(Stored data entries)
..........

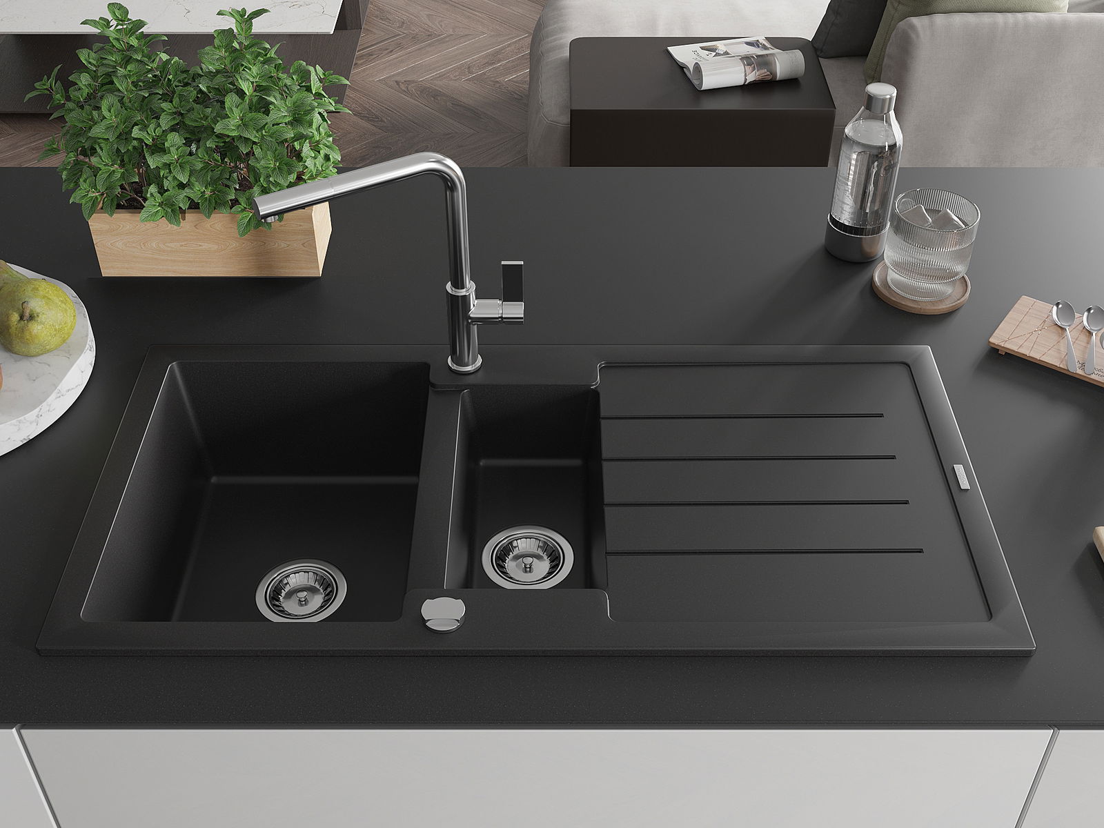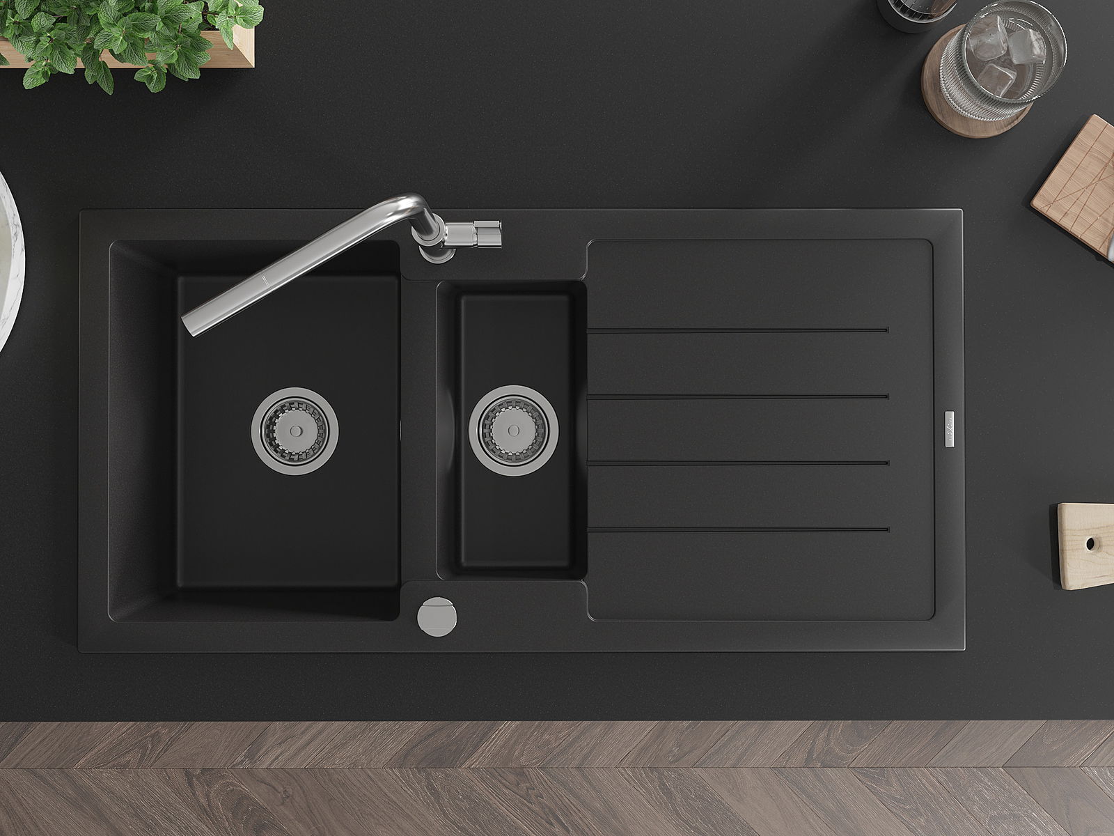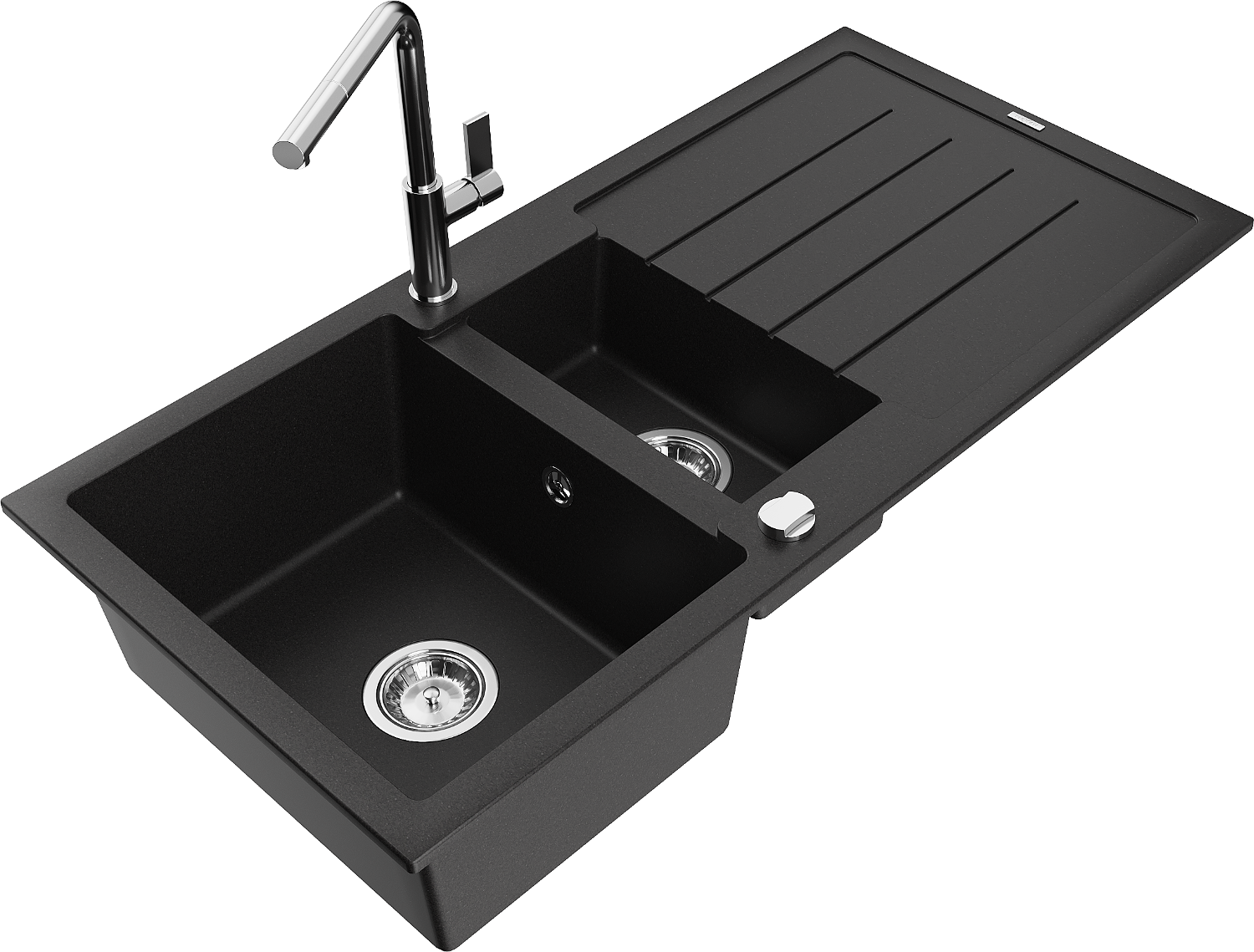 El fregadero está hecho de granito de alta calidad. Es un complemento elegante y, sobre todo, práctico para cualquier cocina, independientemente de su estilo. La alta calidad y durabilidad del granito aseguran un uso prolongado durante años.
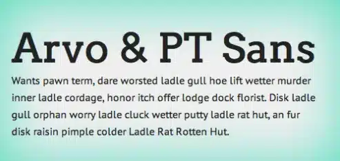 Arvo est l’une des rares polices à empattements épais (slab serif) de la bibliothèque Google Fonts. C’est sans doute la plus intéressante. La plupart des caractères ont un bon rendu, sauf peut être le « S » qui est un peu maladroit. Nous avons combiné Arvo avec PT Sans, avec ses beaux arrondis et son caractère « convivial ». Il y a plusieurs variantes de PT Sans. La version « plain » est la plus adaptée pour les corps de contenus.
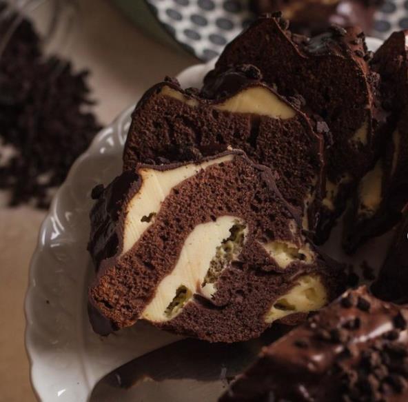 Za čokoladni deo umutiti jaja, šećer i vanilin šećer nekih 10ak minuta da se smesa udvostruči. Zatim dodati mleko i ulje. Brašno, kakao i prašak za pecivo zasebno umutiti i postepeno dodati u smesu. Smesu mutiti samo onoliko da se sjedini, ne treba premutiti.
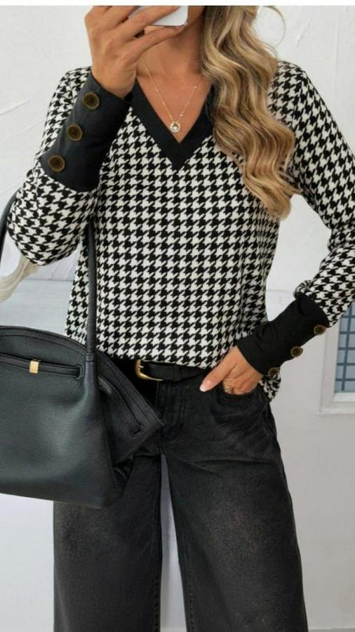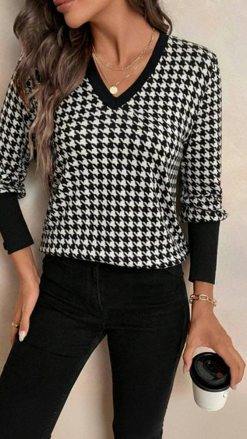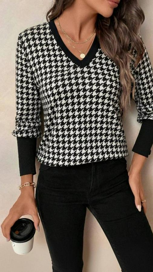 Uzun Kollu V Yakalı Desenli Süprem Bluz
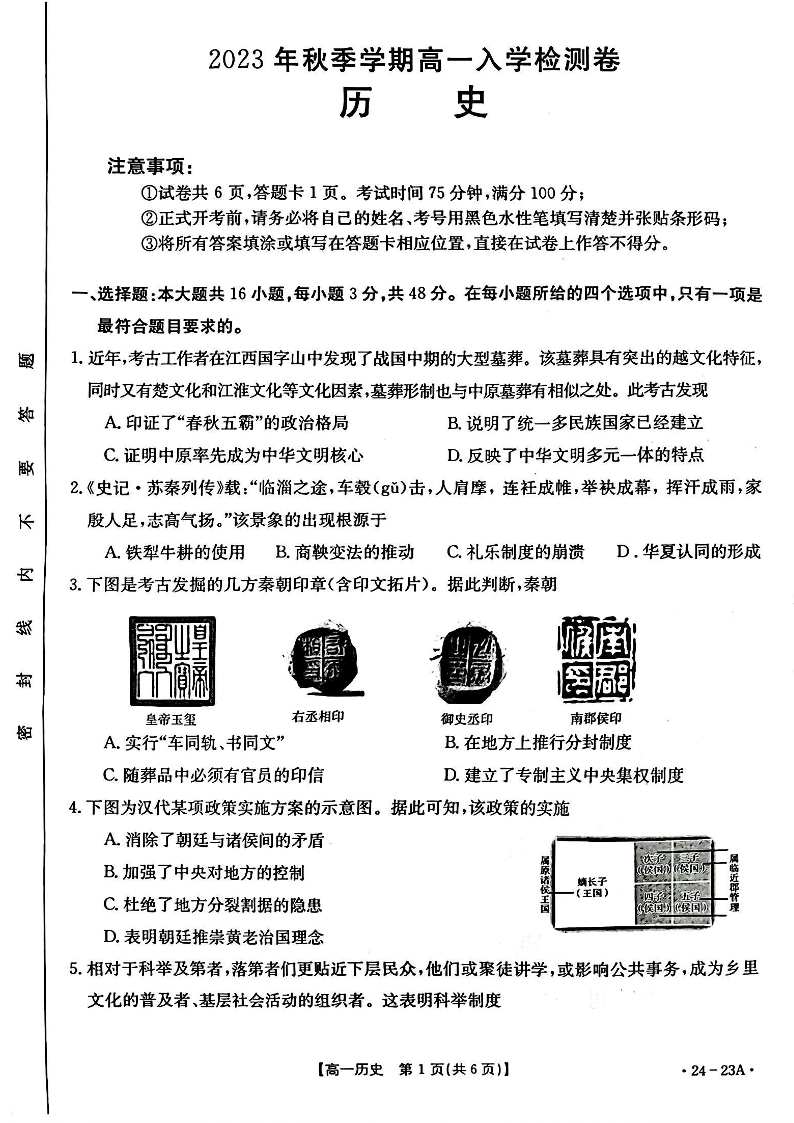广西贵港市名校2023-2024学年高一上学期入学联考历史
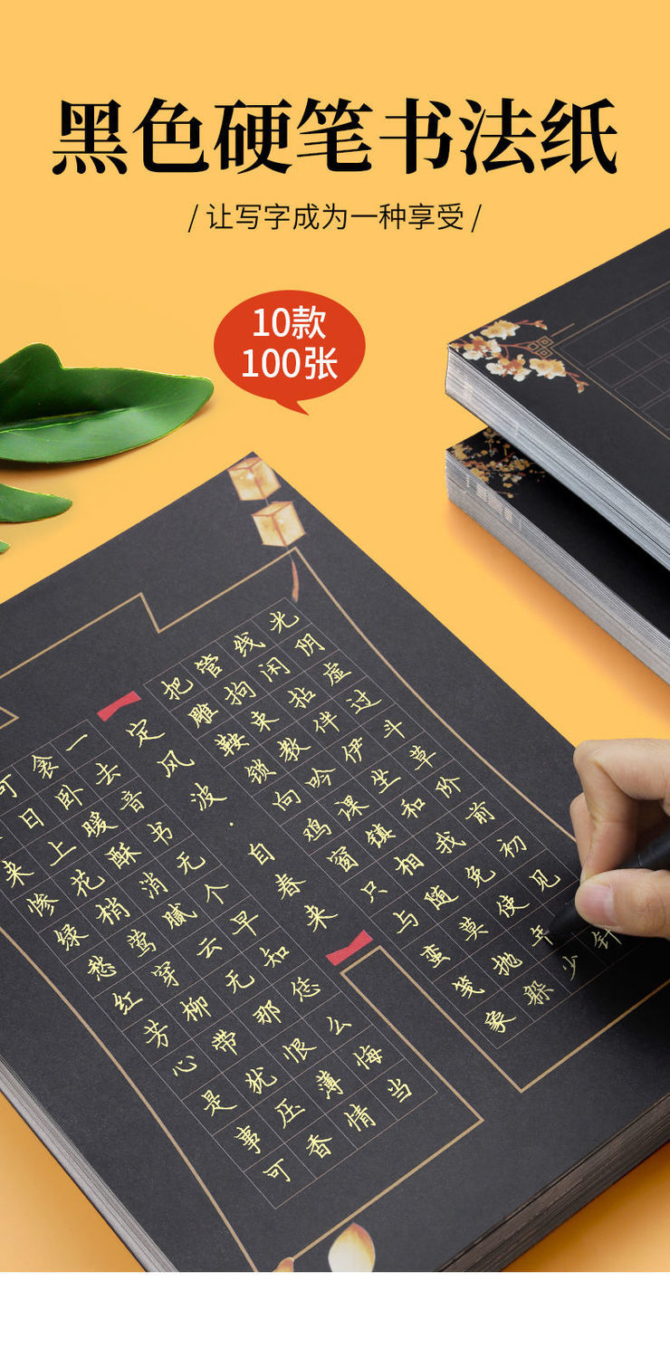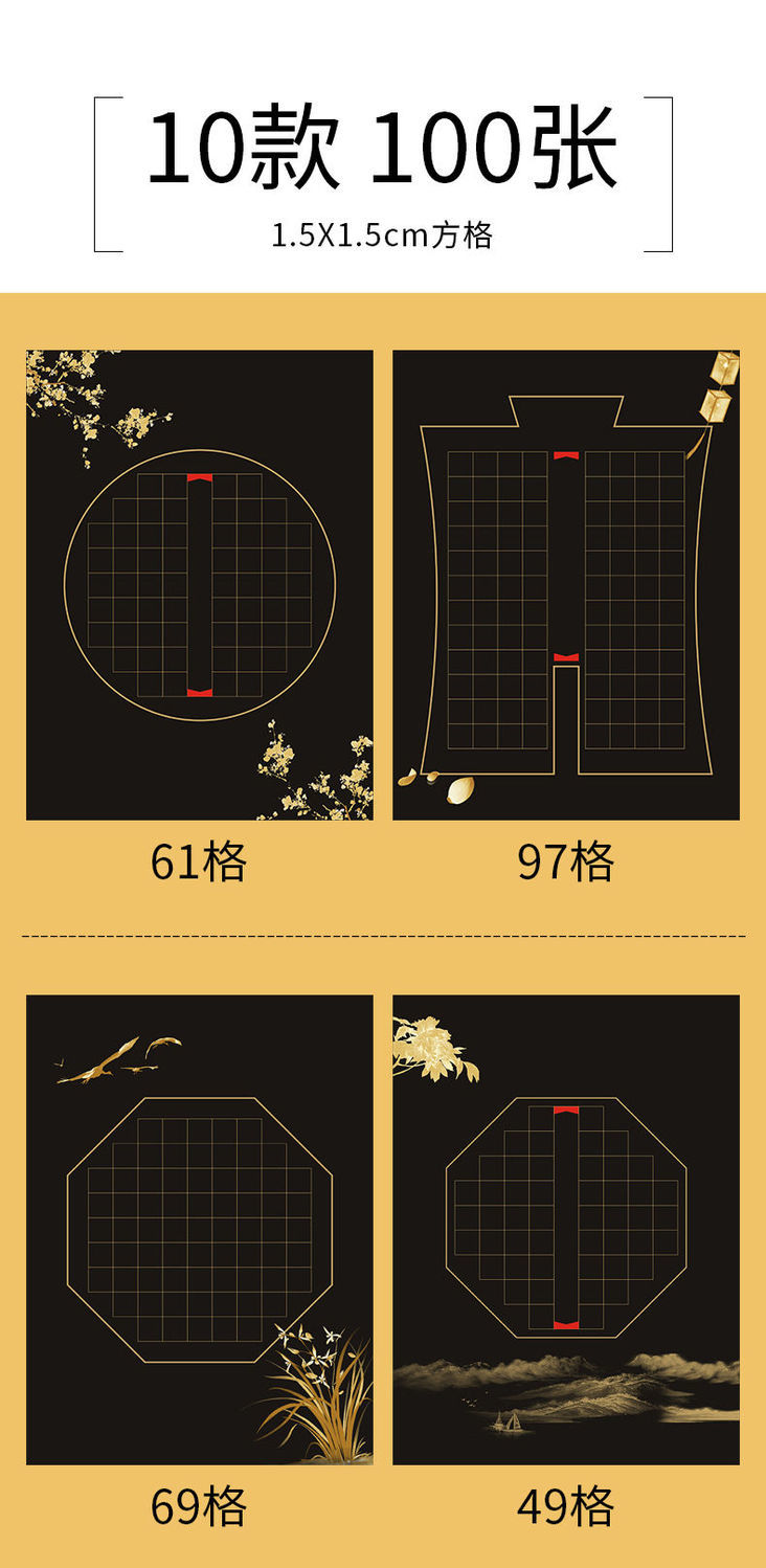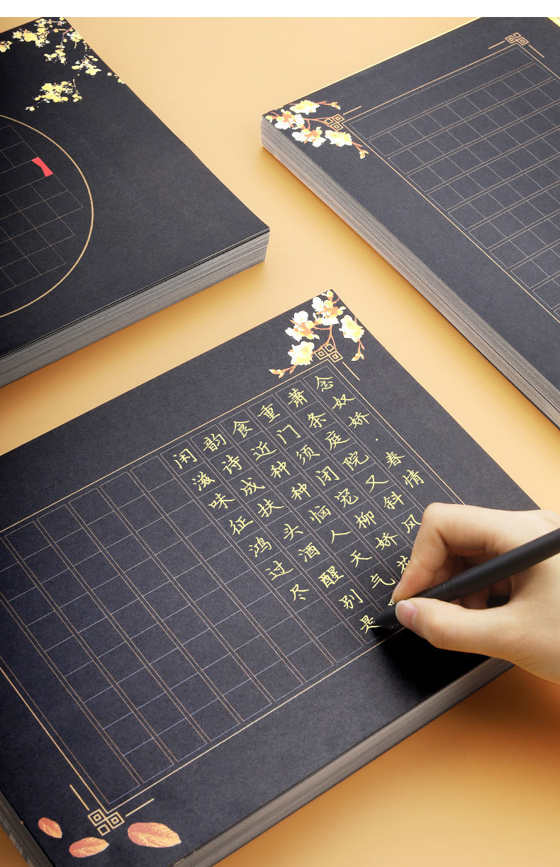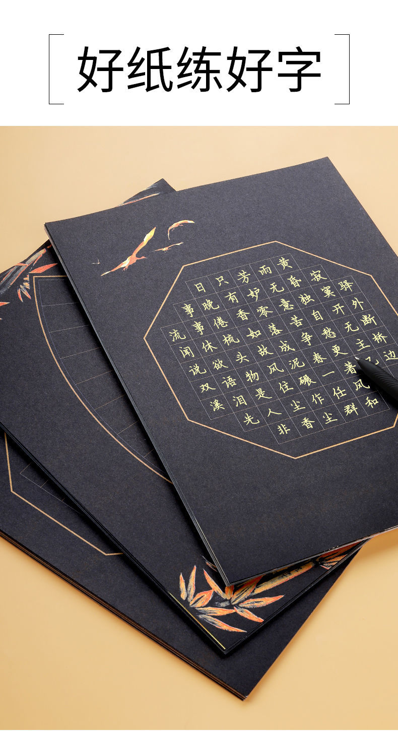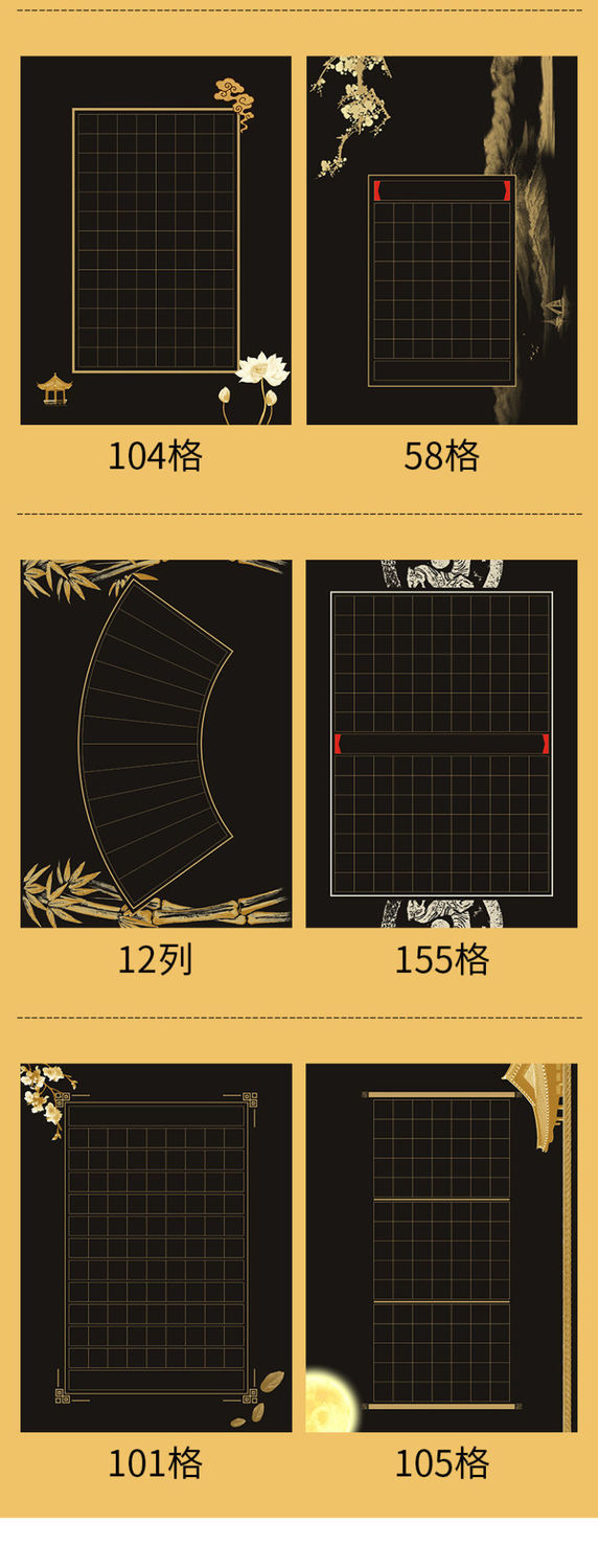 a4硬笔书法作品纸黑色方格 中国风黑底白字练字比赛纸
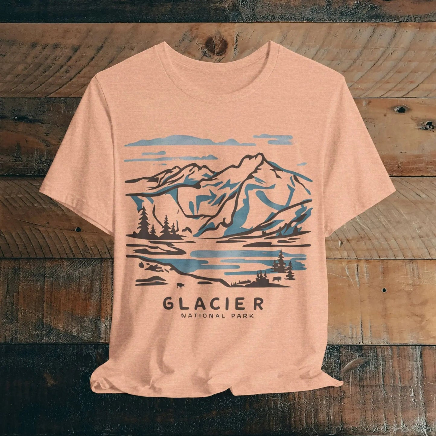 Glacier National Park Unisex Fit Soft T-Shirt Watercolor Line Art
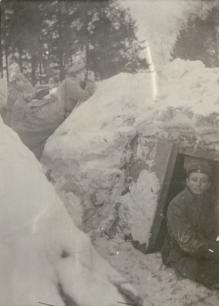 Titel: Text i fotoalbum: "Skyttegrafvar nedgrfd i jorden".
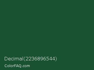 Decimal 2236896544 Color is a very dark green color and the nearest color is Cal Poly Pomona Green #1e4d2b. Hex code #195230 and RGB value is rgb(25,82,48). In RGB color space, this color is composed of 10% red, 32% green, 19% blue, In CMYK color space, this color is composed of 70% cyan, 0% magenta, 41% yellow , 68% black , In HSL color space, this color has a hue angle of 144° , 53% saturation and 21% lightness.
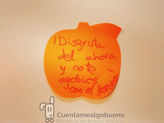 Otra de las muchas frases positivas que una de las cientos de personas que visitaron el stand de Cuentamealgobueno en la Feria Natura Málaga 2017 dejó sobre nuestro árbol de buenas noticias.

..........

* [WHAT IS REQUIRED]:
Which lines run from the one that holds "Glacier National Park" to the final line of the records above? Return them exactly, and skip the pictures.

* [TASK ANSWER]:
 Glacier National Park Unisex Fit Soft T-Shirt Watercolor Line Art
 Titel: Text i fotoalbum: "Skyttegrafvar nedgrfd i jorden".
 Decimal 2236896544 Color is a very dark green color and the nearest color is Cal Poly Pomona Green #1e4d2b. Hex code #195230 and RGB value is rgb(25,82,48). In RGB color space, this color is composed of 10% red, 32% green, 19% blue, In CMYK color space, this color is composed of 70% cyan, 0% magenta, 41% yellow , 68% black , In HSL color space, this color has a hue angle of 144° , 53% saturation and 21% lightness.
 Otra de las muchas frases positivas que una de las cientos de personas que visitaron el stand de Cuentamealgobueno en la Feria Natura Málaga 2017 dejó sobre nuestro árbol de buenas noticias.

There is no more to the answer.